Op/Ed Fridays: the news forcing its irrelevance on us
If you read this page, you know I consider the government’s spying one of the greatest threats to freedom we face. Even wars we enter with some intent to stop some day, but I don’t see anyone who wants to increase the spying acknowledging any intent to scale it back. It looks to me a one-way increase in the executive branch’s power at the expense of the other two branches’, one of the major risks the founders tried to guard against. They were rebelling against the tyranny that results from unaccountable centralized authority.
Even if you don’t agree on my perspective, you probably agree the issue is important enough for people to discuss. Even if you don’t agree you’d value discussing it, you probably agree at least people in the government should talk about it publicly. If so, you probably agree the news should cover it.
Below is the news doing just that, only to interrupt itself, interrupting a former legislator mid-sentence, in what at least some viewers consider one of the greatest topics of our time to describe a minor update in Justin Bieber’s court proceeding!

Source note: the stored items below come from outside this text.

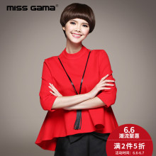 2017春装新款大码女装纯色宽松时尚七分袖T恤春短款红色上衣女潮
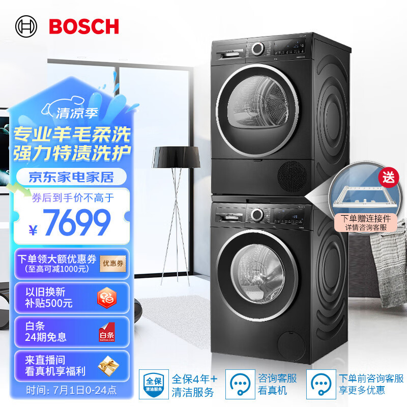 博世(BOSCH)洗烘套装10+10KG【珍珠黑】大容量全自动滚筒洗衣机家用烘干机专业羊毛柔洗特渍洗护152U2A+252U2A价格:8539.00元!
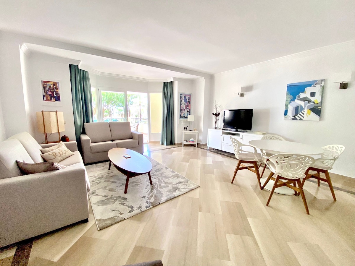 Welcome to Hacienda Playa Elviria Seaviews – EaW Homes, Andalusian essence and the sea just steps awayThis cozy and elegant apartment for 4 people is the perfect place to enjoy a relaxing vacation with family or friends, combining comfort, spacious outdoor spaces and an absolutely privileged location. With two bedrooms and two bathrooms, the house offers a bright and quiet atmosphere, ideal for disconnecting and letting yourself be carried away by the rhythm of the Mediterranean.The spaceLocated on the first floor within the prestigious Hacienda Playa development, the apartment has a spacious and bright living room, designed to share moments of rest and relaxation. From here you can access a large terrace overlooking the sea, one of the great attractions of the house. The terrace is carefully equipped with a fantastic chill-out area, a dining table for outdoor lunches and dinners, and sun loungers where you can sunbathe privately, listening to the sea breeze and enjoying the surroundings.The kitchen is fully stocked, offering everything you need to cook comfortably during your stay. The master bedroom has a 150 cm double bed and an en-suite bathroom with a double sink, providing extra comfort and privacy. The second bedroom has two 90 cm single beds and its own full bathroom, ideal for children or companions.The apartment has central air conditioning, fiber optic Wi-Fi and a private garage space, guaranteeing comfort and tranquility throughout the stay. The development offers large, perfectly maintained green areas, two large community pools and a paddle tennis court, creating a pleasant and safe environment for adults and children.Registration DetailsAndalucia - Regional registration numberVFT/MA/43966Spain - National registration numberESFCTU0000290280002781560000000000000000VUT/MA/439665
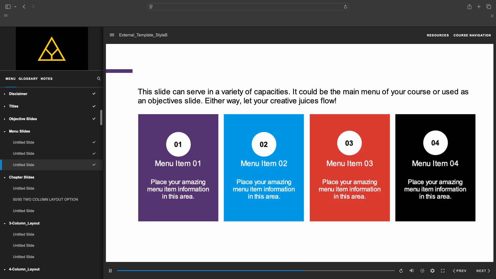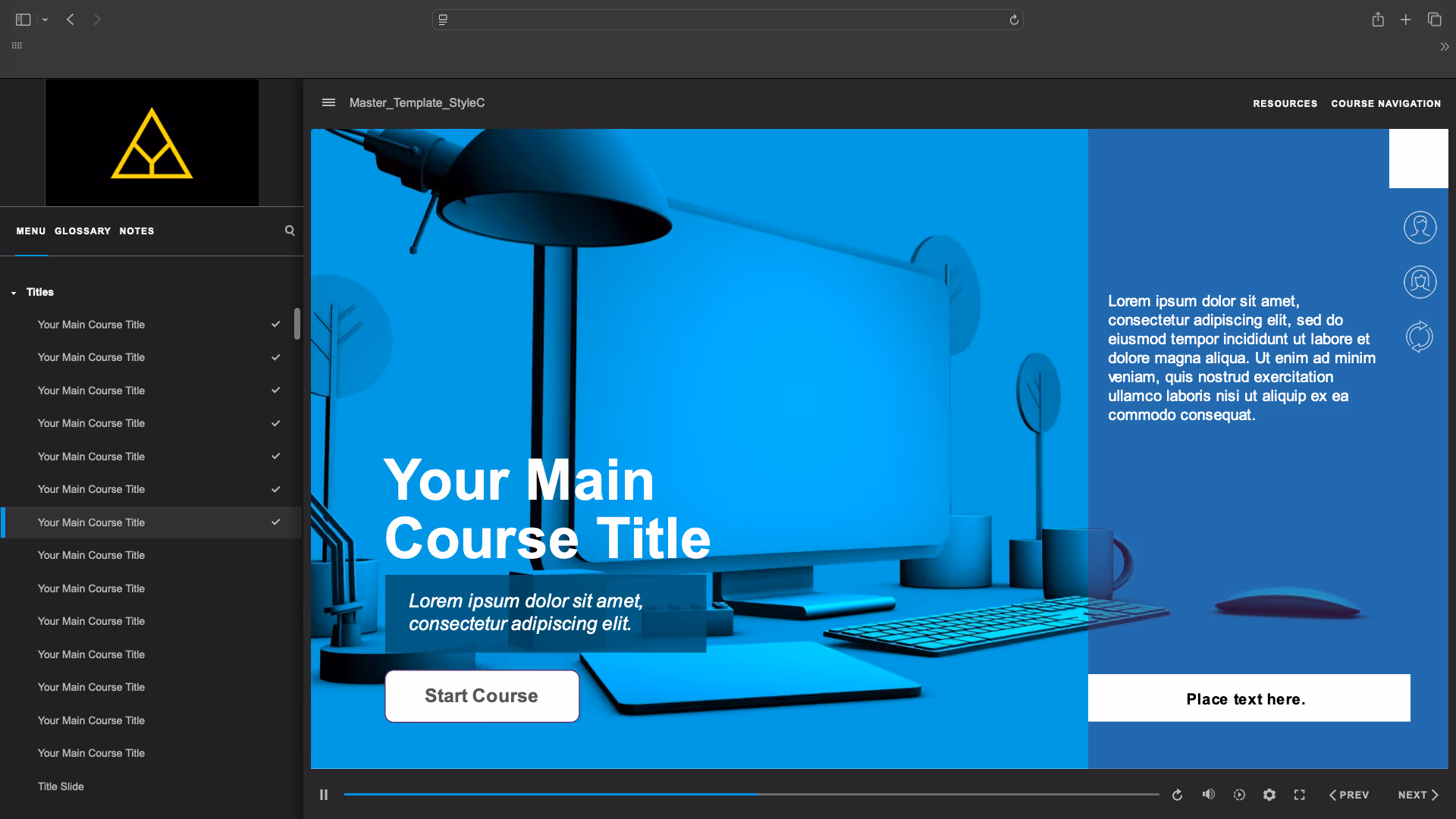 Crie um sistema de modelos de nĂvel profissional, pronto para HTML5, que permita a criação rápida e escalável de conteĂşdo para designers instrucionais, mantendo a acessibilidade, a flexibilidade e um padrĂŁo de design visual limpo.

I avoid watching and reading the news, always remembering the media wants to sell ads. Years ago I would have recoiled from the idea, but after trying it out and finding myself no less informed of things that matter after the experiment, I stopped.
I would have thought the news would try to stop this impression, but apparently not. It’s forcing its irrelevance on us. I wonder what kind of shame the people involved in that report feel, seeing that video at over six million views and counting.